Haberlerde "adam 25 yıllık eşini öldürdü" diyorlar. O adam sadece o anı değerlendiği için eşinin 25 yıllık birlikteliğini unutmuştur. Onun verdiği mutluluk ve çocuklar aklından çıkmıştır. Sadece o an yapılana karşı tepkisi buna sebebiyet vermektedir. İş hayatında da durum aynıdır. Bir anlık kızgınlıkla ortaklarını ve çalışanlarını silebilirsin. O ana kadar birlikte yaptıklarınızın değeri kalmamıştır.

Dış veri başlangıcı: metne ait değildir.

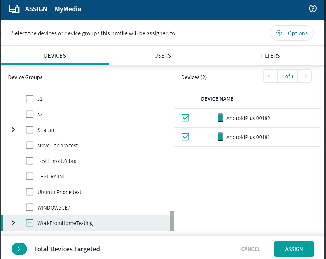 Note: You also have the option to filter and select the devices or device groups this profile will be assigned to.

Konuşmayı bilmeyen ve eleştiriye tahammül edemeyen toplumların bireyleri ve siyasetçileri, karşıt gördükleri kişileri kırarak bağları koparırlar. Bunun bedelini toplum olarak öderiz.
Medya okur yazarlığından önce medyanın münazara yerine bilgiye dayalı değerlendirme yapmasını öğrenmesi lazım. Aksi halde başta "trafik magandaları" olmak üzere ülke "magandaların" ve "mafya gruplarının" elinde oyuncak haline gelir. Yaranmak için hamaset konuşmalar ön plana çıkar. Kim çok yandaşlık gösterisinde bulunursa kendini başarılı zanneder. Değerlendirme yargılamaya dönüşür. Bu topluma kültür olarak aktarılırsa tehlikeli ve zararlı sonuçlarını haberlerde dinleriz. Sürekli dinliyoruz da..
Sosyal olaylarda bazen de eğriler / interrupt (aşırı çökme veya yükselme) yapabilir. Deprem gibi, salgın hastalık gibi, savaş gibi, ekonomik kriz gibi.. Gidişatı yarıda keser. Bunlar trendin düşmesine neden olabilir. Toplumda umursamazlık oluşur. Bunun için moral değerler yüksek tutulmalıdır.
1985 yılında Bursa Komet Bilgisayar Basic Dili Programlama kursundaki öğrenciniz olarak yukarıdaki yazınıza katılıyorum.